Originally Posted by Perkin

You could use

Code:

& #32;

(remove the space)

Edit: I think you might only be able use that if the replace is part of text - not inside a tag.

That would work, but I was looking for something that would insert an actual ASCII space in the text, rather than an entity (for readability).

After lots of experimenting, I discovered that I could use

Code:

\U \E

as the replacement term but that seems indirect and inelegant. But it works.

G

roger64 · 05-11-2012, 11:40 AM

Hi

It's just a small question. To select letters intended to become dropcaps, I use this part of a Regex:
([A-Z])

However, I realize this does not select accented capitals that do exist in French (like É, À, Ô and so on). Of course, I can just suppress their accents. But if I wish to make a drop-cap out of an accented capital, what would be the code?

([.]) is a catch-all. Have you better?

theducks · 05-11-2012, 01:02 PM

Quote:

Originally Posted by roger64

Hi

It's just a small question. To select letters intended to become dropcaps, I use this part of a Regex:
([A-Z])

However, I realize this does not select accented capitals that do exist in French (like É, À, Ô and so on). Of course, I can just suppress their accents. But if I wish to make a drop-cap out of an accented capital, what would be the code?

([.]) is a catch-all. Have you better?

([A-ZÉÀÔ])

the dash just means range. the normal is any one of these. You can use both as I have

DiapDealer · 05-11-2012, 02:51 PM

Quote:

Originally Posted by roger64

However, I realize this does not select accented capitals that do exist in French (like É, À, Ô and so on). Of course, I can just suppress their accents. But if I wish to make a drop-cap out of an accented capital, what would be the code?

([.]) is a catch-all. Have you better?

Code:

\p{Lu}

Will catch all upper-case letters (including unicode characters), if that's what you're looking for. Add parentheses to make it a capture group if desired, of course.

roger64 · 05-12-2012, 11:10 AM

@DiapDealer, theducks

Thanks very much for your replies. As this regex is intended to be used for French texts, I will use theducks' proposal. I just did not know one could add letters this way as I did not see any example of it.

DiapDealer · 05-12-2012, 11:47 AM

Quote:

Originally Posted by roger64

@DiapDealer, theducks

Thanks very much for your replies. As this regex is intended to be used for French texts, I will use theducks' proposal.
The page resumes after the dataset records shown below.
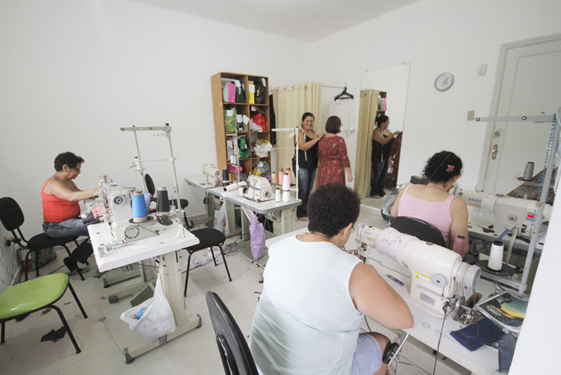 Há oito anos no número 1 da Rua Frei Francisco Sampaio, Samantha Franzo (de preto na foto) conta hoje com apoio de mais quatro mulheres para confecção e reforma de roupas em geral. A equipe aumentou por conta da alta demanda, mas engana-se quem acredita que o faturamento também melhorou. “Na verdade, nossa demanda hoje é diferente e mais complexa. Até uns meses atrás as pessoas vinham principalmente fazer pequenos ajustes nas roupas novas, como bainha. Hoje, elas aparecem para reformar o que estava há tempos guardado no armário. Isso gera um trabalho bem maior do que pequenos ajustes, gerando mais horas trabalhadas, mas não necessariamente mais dinheiro”, detalha Samantha.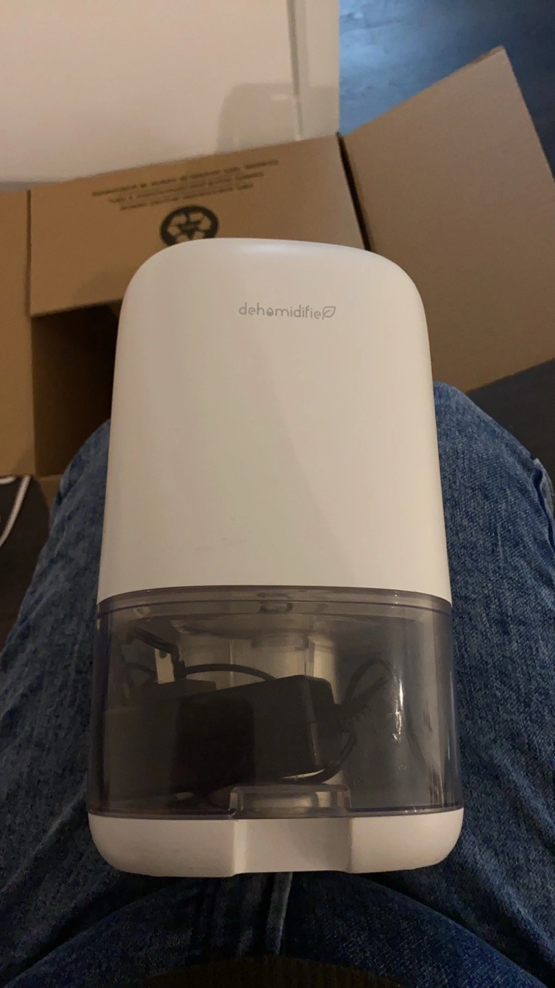 Small, white dehumidifier. Includes a power cord. Please pick up with cash.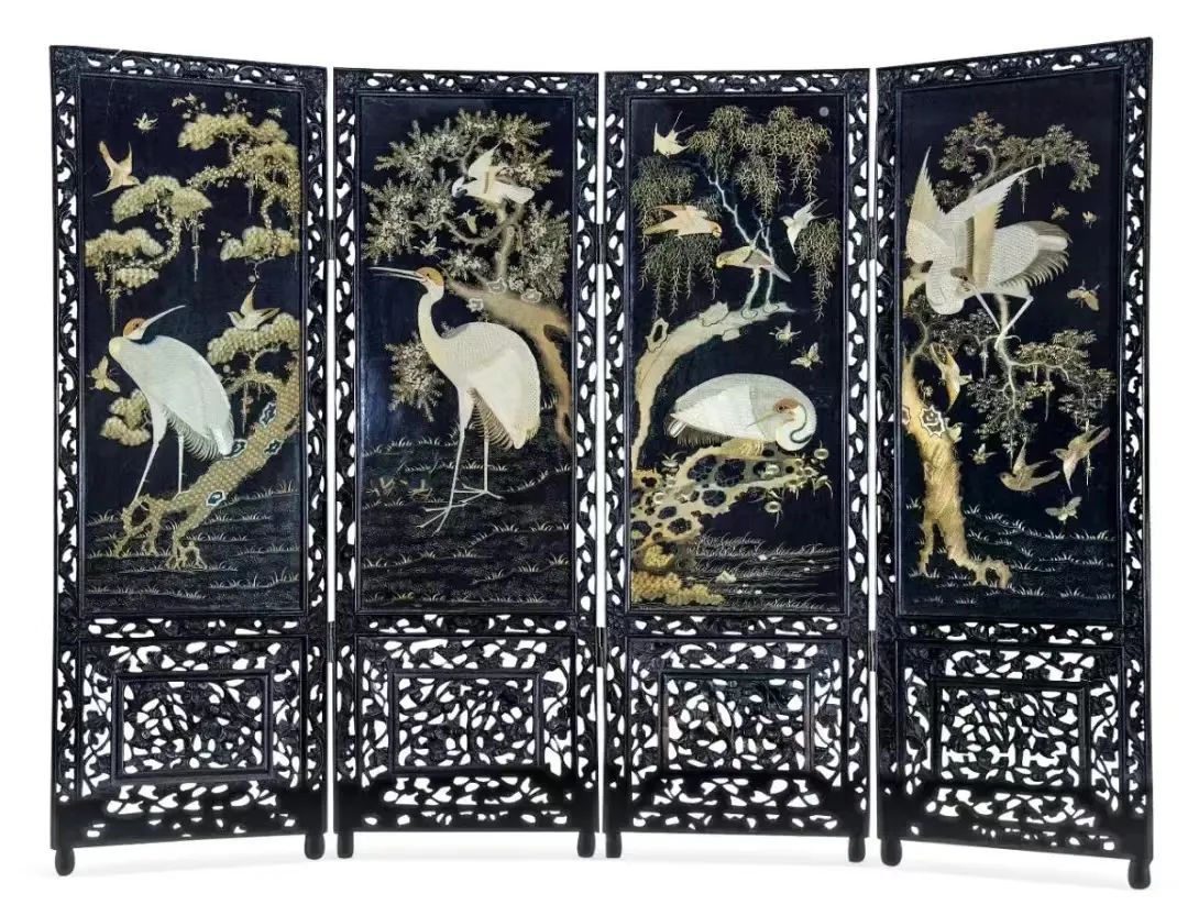 透雕酸枝框广绣松鹤延年图四围屏屏风 广州十三行博物馆藏品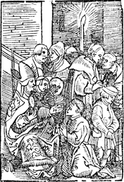 Description: A bishop confirms those brought to him, illustrating the sacrament of confirmation.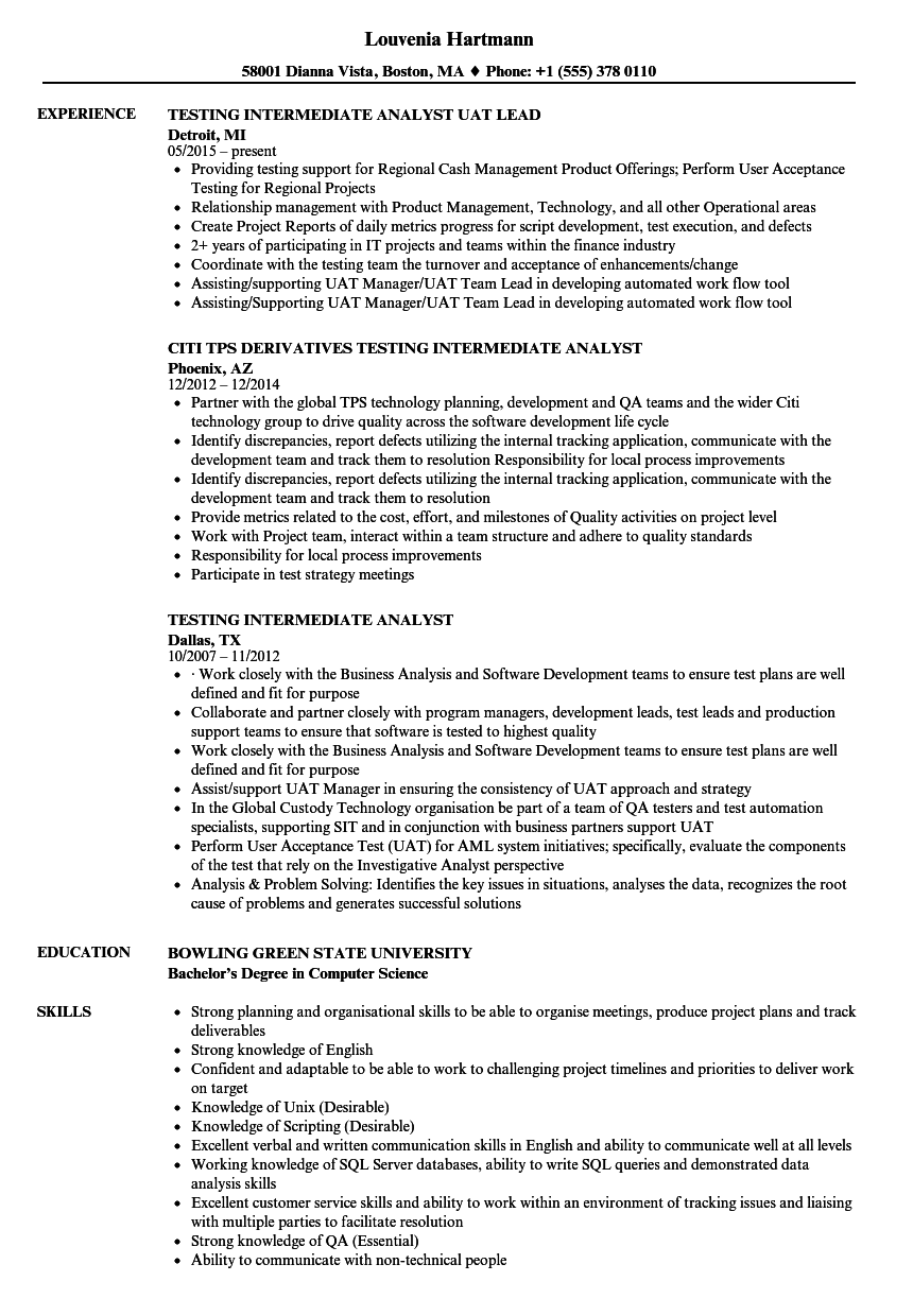 Guide the recruiter to the conclusion that you are the best candidate for the testing intermediate analyst job. It’s actually very simple. Tailor your resume by picking relevant responsibilities from the examples below and then add your accomplishments. This way, you can position yourself in the best way to get hired.
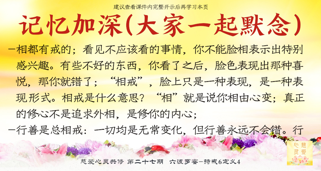 依戒律而行,要融入生活中,化作一种自然的习惯。比方说,你们从现在开始让自己养成习惯:不管谁帮你做点事情,“谢谢啊!感恩啊!”老公帮你做事情,“谢谢啊”。过去中国文化上讲“礼多人不怪”,你很客气,人家不会怪你“你怎么这么礼貌啊?你很有毛病啊!”你越跟他说“谢谢啊!感恩哦!”他越觉得自己惭愧。所以一定要礼多,一定要把它养成一个习惯。就像很多人刷牙天天要刷,脸天天要洗,你把反省自己身上的毛病看成天天要做的事情。今天一起来,“我骂人了吗?”“没骂。”很开心。“我今天讽刺别人了吗?”“没有。”很开心。“我今天嫉妒别人了吗?”“没有。”像菩萨了。就是这样养成习惯。一想要嫉妒别人了,“哎哟,不能”,从来不嫉妒别人,成功了,把它养成为一个好习惯。菩萨都有好习惯的。菩萨的好习惯是什么?碰到事情就慈悲,碰到事情就想帮助别人,这就是菩萨。你们要把这些好习惯全部放在心中,那么你们才能到天上跟菩萨在一起。否则,菩萨一碰到你们就想慈悲施舍给你们,你们一看见菩萨就想问菩萨拿东西,“菩萨给我加持吧”,等到哪一天跑到西方极乐世界,“阿弥陀佛,我终于来了,看到您了,您赶快给我加持吧。”境界不一样啊!所以,好的自然习惯就一直好下去,不好的自然习惯……有些人有一个不好的习惯:喜欢拿东西、偷人家的东西,喜欢看见没人动的、没有人用的东西,他就拿走了藏在口袋里,而且拿过还忘记,最后人家说:“我东西到哪里去了?”“没有啊。”他真的不知道。“你摸摸口袋。”“你看看我有吗?哎哟,真的在这里。”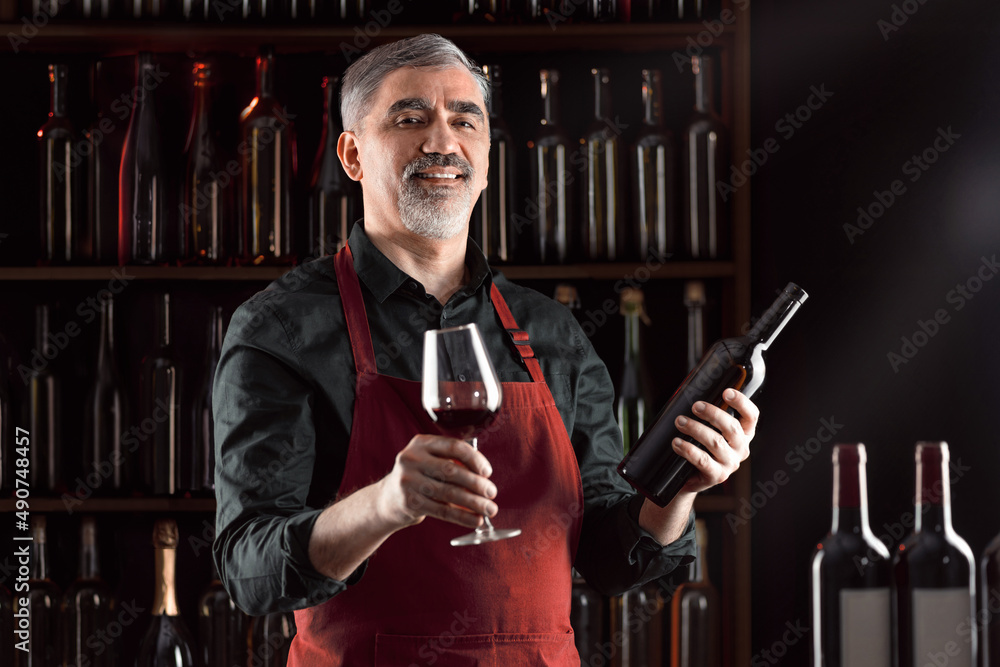 Winemaker examinating wine products among shelves of wine bottles. Stylish middle-aged man with a grey beard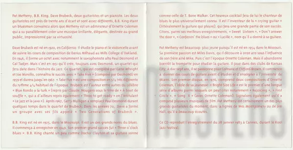 | Artiest | The Dave Brubeck Quartet | B.B. King | Pat Metheny | The Heath Brothers |

I just did not know one could add letters this way as I did not see any example of it.

Just so you know, it doesn't matter what language it is. If it's a valid uppercase letter (including unicode characters with acute, grave, breve umlauts—any valid diacritic, really), (\p{Lu}) will capture it. But whatever you're comfortable with is the way to go.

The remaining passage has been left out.